Alfonsi reports that the people returning to New Orleans Friday seemed to be safe, because it appeared that the police, federal officials, the army, and the National Guard outnumbered residents.

Along Prytania Street in the Uptown section, people cleared brush and tree limbs from their yards, while repair crews worked on power lines.

Taylor Livingston, 40, was using a leaf-blower, hoping to create a lived-in look at three homes he was guarding against looters.

"I don't know how it's going to come together," he said. "I don't know if there's ever been a big city evacuated the way we were evacuated. It's all new. I don't know that we can come back that quick."

The city was 95 percent dry, said Maj. Jeff Kwiecinski of the Army Corps of Engineers. Water was still being pumped out of the devastated Ninth Ward, but Kwiecinski said it would probably be gone by Sunday.

Nagin on Friday announced a 17-member commission to draft a rebuilding plan for New Orleans, tapping business owners and others, including Roman Catholic Archbishop Alfred Hughes and jazz musician Wynton Marsalis.

The mayor said he has e-mailed the White House outlining his top priorities, including rebuilding and improving the levee system; seeking help with a rail link to Baton Rouge that could be used for emergency evacuation; and getting federal tax breaks and incentives for businesses and residents.

"New Orleans is not asking for a handout; we're asking for a hand up," Nagin said.
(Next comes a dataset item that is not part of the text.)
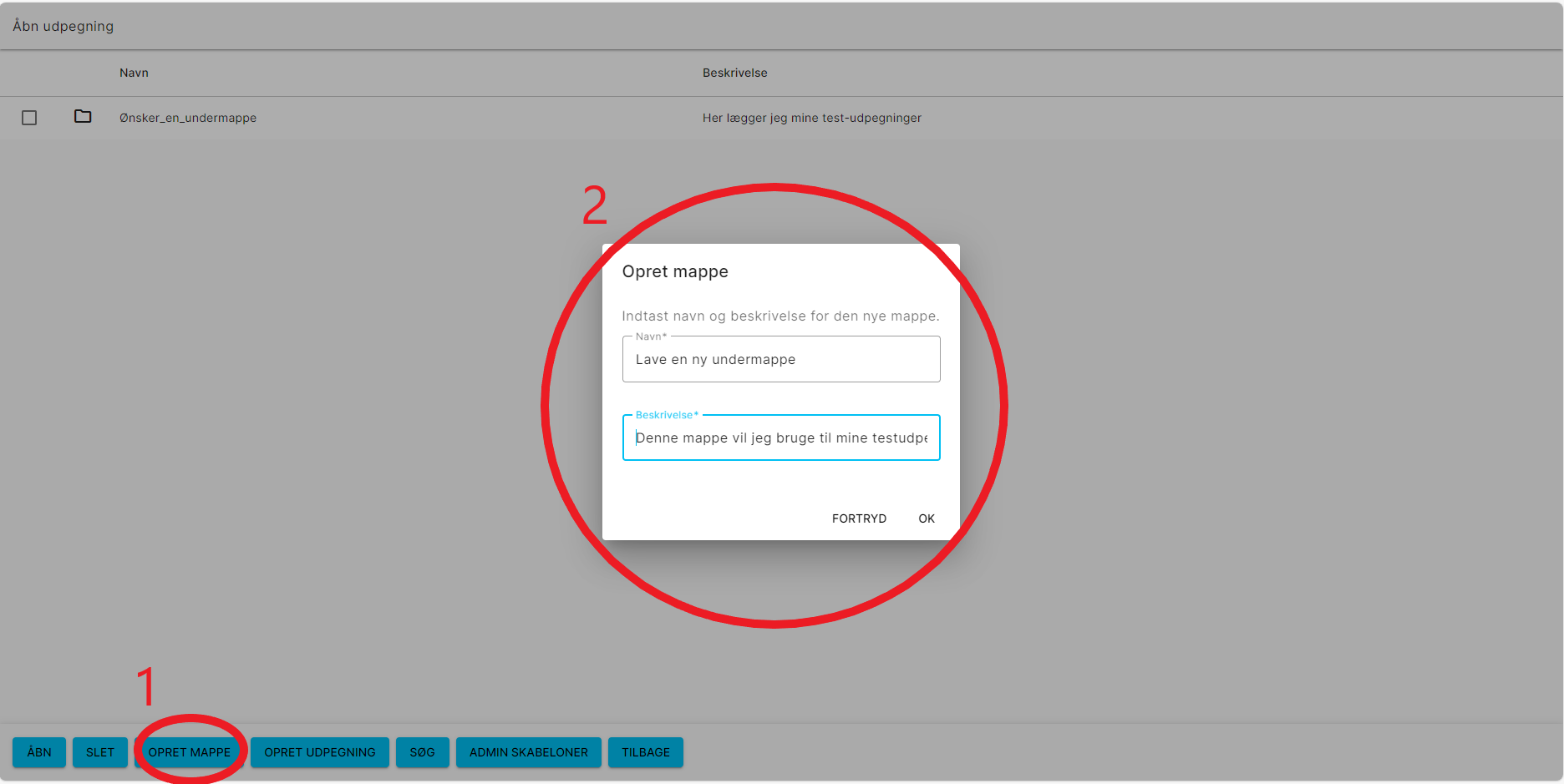 Der kan oprettes en undermappe til udpegningen (se Figur 4), eller udpegningen kan oprettes direkte i enten ”Egne udpegning” eller ”Fællesudpegninger” (Vælg ”opret udpegning”).

The Louisiana congressional delegation has called for $250 billion in federal aid to help the state recover from hurricane damage.

Katrina's death toll in Louisiana rose to 932 on Friday, the state health department said, while Mississippi's toll climbed to 221 after a body was found under a collapsed motel.

In New Orleans' eastern reaches, authorities said they had found 14 dead dogs. St. Bernard Parish spokesman Steve Cannizaro said 10 dogs were shot to death at a middle school, and four more were found at an elementary school. Authorities do not know who killed the animals.